Scientist have discovered a way to make neurons respond to a placebo (a medically ineffective treatment), in the same way as they would to medically effective treatment, according to a study published in The Journal of Physiology, which in future could be used as potential treatment for Parkinson’s disease.
They found that it is possible to turn a neuron which previously hasn’t responded to placebos (placebo ‘non-responder’ neuron) into a placebo ‘responder’ by conditioning Parkinson patients with apomorphine, a dopaminergic drug used in the treatment of Parkinson’s disease (PD).
When a placebo (saline solution) was given for the first time, it induced neither clinical benefit nor associated neuronal changes in the thalamus, a brain region known to be involved in PD. However, if repeated administrations of apomorphine were performed before placebo administration, a placebo was capable of increasing thalamus neuronal activity along with clinical improvement (reduction of muscle rigidity). Interestingly, the higher the previous administrations of apomorphine was, the larger the neuronal changes and the clinical improvement. When apomorphine was administered for 4 days in a row, the subsequent administration of a placebo induced a response that was as large as the one induced by apomorphine. These changes lasted for 24 hours.
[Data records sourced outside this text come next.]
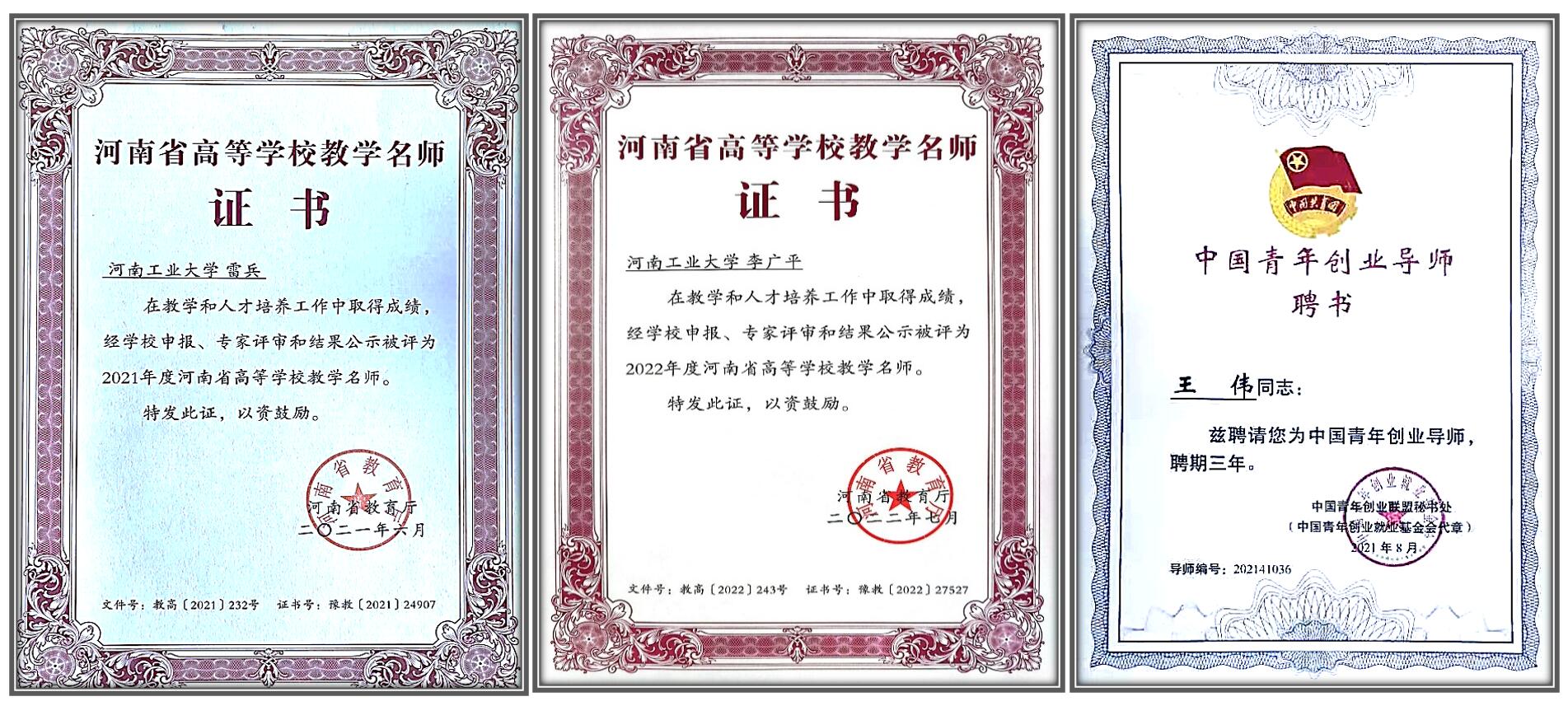 电子商务系、物流管理系、会计系为河南省优秀基层教学组织,电子商务为河南省教学团队,电子商务与现代物流管理为河南省本科高校黄大年式教师团队,粮食现代物流管理、大数据与管理决策、数字经济与技术创新管理为河南省高校哲学社会科学创新团队。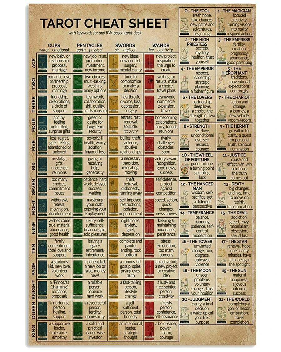 This listing is for a tarot cheat sheet for beginners and it comes in the following formats. The Cheat Sheet Includes. Download the Printable Tarot Meaning Cheat Sheets Major and Minor Arcana There are two versions to these tarot cheat sheets - a digital one in full color that you can reference here as.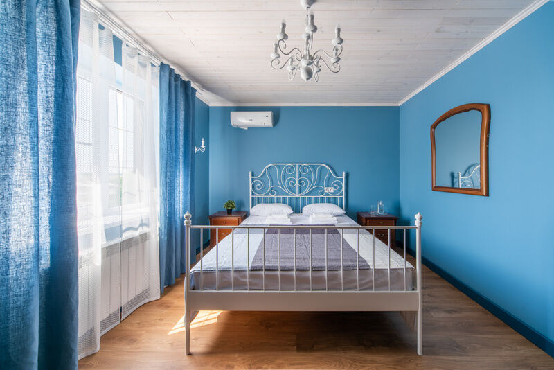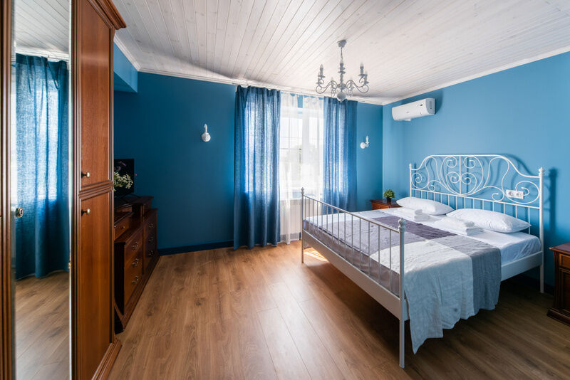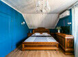 Номер «Синий» площадью 16,99 кв.м. В нем располагается одна большая двухместная кровать. Комната рассчитана на 2 гостя. При необходимости возможно размещение дополнительного спального места.

The researchers administered apomorphine, either 1, 2, 3 or 4 days before the surgical implantation of electrodes for deep brain stimulation, which is an effective treatment for PD. During surgery, they replaced apomorphine with a placebo and recorded from single neurons in the thalamus along with the assessment of muscle rigidity of the arm.
Fabrizio Benedetti, from the Department of Neuroscience at University of Turin Medical School, Italy and first author of the study, explained,
‘These findings show that is possible to teach neurons in the thalamus to respond to placebos, so that a placebo non-responder can be turned into a placebo responder. These findings may have profound implications and applications, because we can reduce drug intake by exploiting these learning mechanisms. Since this study shows that there is a memory for drug action, the alternate administration drug-placebo-drug- placebo etc. means people would need to take less medication but yet obtain the same clinical benefit.
‘If a placebo is given after four previous administrations of apomorphine, the placebo response can be as large as the drug response, and this effect lasts up to 24 hours. Therefore, a future challenge will be to see whether this effect can be extended beyond 24 hours.’